Many pointed out various men known to be associated with temple bureaucracy. One had to wonder if their sympathies lay with the sentiments of some of the speakers. One also had to wonder if these men were spies for the Temple.
“We only went to hear the Baptist preach once.” Began Martha.
“He had been so fierce and powerful a critic of the king. He spoke too harshly of his marriage to his brother’s widow.” added Mary.
“It was the priests at the Temple that feared the Baptist most.” continued Martha.
“People were coming out to the Jordan river to be cleansed. They were not going to the Temple to pay their tithes. People believe that access to the Almighty is now ransomed at the Temple.”
Another friend of Mary and Martha’s lent her opinion.

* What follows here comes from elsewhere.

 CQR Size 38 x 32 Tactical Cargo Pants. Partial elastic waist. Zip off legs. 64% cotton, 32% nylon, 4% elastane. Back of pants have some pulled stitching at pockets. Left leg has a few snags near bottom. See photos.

“Herod does not care if you curse him or his family or the Romans. All Herod wants is his damn taxes.”
And so on and so forth the dialogue went on.

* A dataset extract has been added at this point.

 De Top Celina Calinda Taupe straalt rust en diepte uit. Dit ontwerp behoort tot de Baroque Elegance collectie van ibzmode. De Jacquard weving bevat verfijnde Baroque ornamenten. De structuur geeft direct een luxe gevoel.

Many pointed out some men a short distance from us.
“They were with John the Baptist.”
The men pointed out were about six in number and surprisingly I recognized two of them.
One man was that James, the older brother of Jesus the rabbi. The other man was that man Matthew, the man who had come to my villa and accused me of being something that I was not.
What was Matthew, the Roman tax collector, doing here? Was he spy for the Romans or the Temple priests? Again an uneasy feeling swept over me.
In a lifetime of knowing who I was as a person, wife, mother, daughter, priestess, and prodigy, here I was beginning to question why I was here.
I had to reinforce myself and remind myself of my mission for my son and my faith.
The crowds seemed to be breaking up. People were turning in one direction. People were pointing. People were saying things like “the Baptist!”, “the rabbi!”, “messiah!”.
Everyone in all directions were moving up a hill. Dust was stirring. As I stood with the others, I briefly saw a hooded figure walking slowly up the hill. He was the focus of everyone’s attention.
We followed the crowd. The hooded man did not quite reach the top of the hill. He stopped when a crowd preceded him and surrounded him.
As he removed his hood, I saw another face that I recognized. The figure of Jesus emerged as the center of all present.
I saw a diverse crowd turn and follow a man up a hill and saw them almost in silence and awe. I came to the conclusion that I was not the only one who saw greatness and charisma in this man.
I have read what others have written and attested to as what he preached that day. They seem to have heard more than I that day. But then again I was there and then again I was somewhere else at times. My mind drank in so many things beyond words and dry sacred text. I witnessed the moment and cannot accurately describe what I saw and felt that day.
I remember the speech about not being able to hide a city on a hill and the taste of salt in the humanity of men.
I remember only two sayings about the meek inheriting the earth and blessed are the peacemakers.
Those two sayings stick in my mind. I do not remember much else about the words.
Words are so important to some these days. The written words do not mention the feel that those words held in their delivery or their being received in the ears and minds and hearts for the people who witnessed the words that day.
In fact, his simple words in a simple local language melted away into a spring and flow of nothing less than what I would describe as enlightenment.
If I say this word enlightenment, I talk about the person within, the developed soul and the pathway to the creator.
People around me might have focused on every word spoken by this man and remember them.
I was lost on another plane of thought.
In the middle of one or two hundred living souls surrounding a preacher on a hill, I was part of the word.
The word is part of the cosmic truth of the creator.
There on that hill, I found a man whose soul was as bright as any city on any hill in history.
The question that remained in my mind was if this Jesus was my father’s long lost prodigy.

Why was this question so important to me? I was not certain what my part in any quest started by my father would mean. I only knew that at this point in time, I was ready to touch and understand what all this meant to me, mine, my religion and to history.